We get to the clinic, and there is an hour filling out forms, getting approved for the sliding fee scale.  At first they don’t want to treat her without a translator–they don’t have the phone translator service.  They are about to turn us away, but I convince them that we can communicate “enough.”  It is urgent–she is frightened as it is.  “All right, but you’ll have to see the nurse practitioner.”  Fine, I say.  We wait and wait.  Then we are called in.  The nurse who takes her vitals is lovely and gentle.  She has to wire her for an EKG, and I try to explain to Sunny what is going on.  Sunny is holding her breath in fear.  Her eyes are panicked.  The nurse says, “Tell her it won’t hurt.”  And I do, stroking her forehead.  And it doesn’t hurt, but it is invasive to have your body touched and taped and to be in a prone position, to be totally vulnerable.  It is for me.  It is for anyone, no matter how hard we rationalize it.

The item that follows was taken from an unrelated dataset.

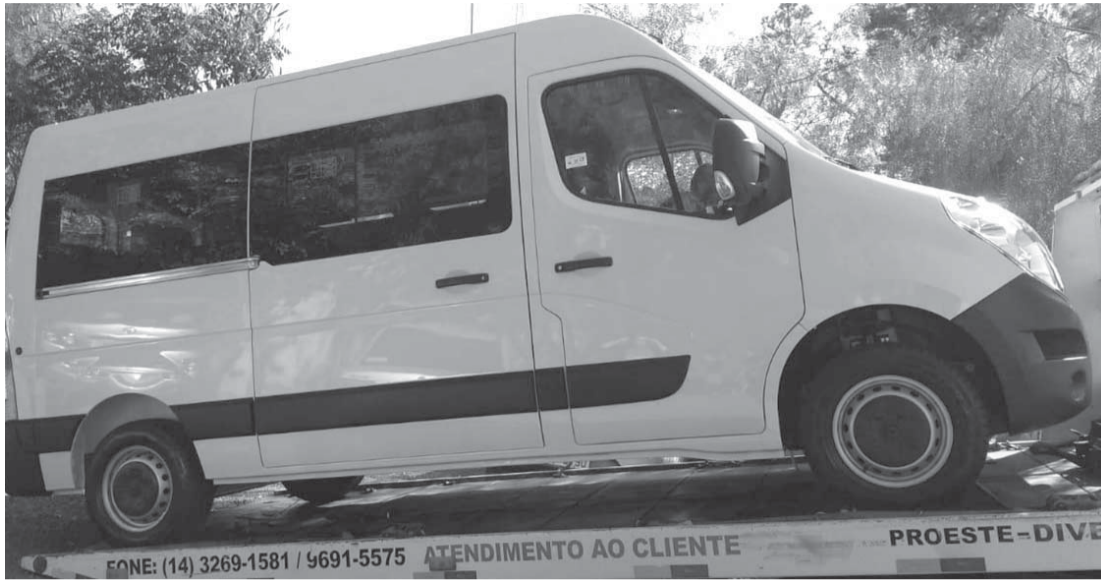
A nova Van chegou na quarta-feira e foi adquirida pelo valor de R$ 138 mil

É um problema muito sério nas imediações da Praça José Teodoro em dias de chuva, pois as galerias não estão comportando as águas que descem o que ocasiona muitas vezes em alagamento. “A população vem sofrendo muito, inclusive com águas dentro de residências, de lojas, que é uma rua central. Estamos aumentando a galeria, aumentando a polegada e passando por dentro da praça para poder dar vazão a água

We  await and wait again to be seen.  Then a knock and a woman comes in the door.  She has a disapproving frown on her face and a very loud, brusque manner.  “Her EKG is abnormal.  She is not cleared for Depo.  She needs to see a cardiologist.  Any questions?”  We both just stare at her.  That’s it?  I take the records and thank her.  We silently leave.   We get in the car and I tell her she is going to have to see another doctor.  She nods, frowning.  I know that getting her to see a cardiologist will be an uphill battle.  I know that many doctors will just see a small brown asian woman who is a nuisance, a free-loader.  I wonder who will take the time to see or hear her, who will take the time to hear the story her body is telling.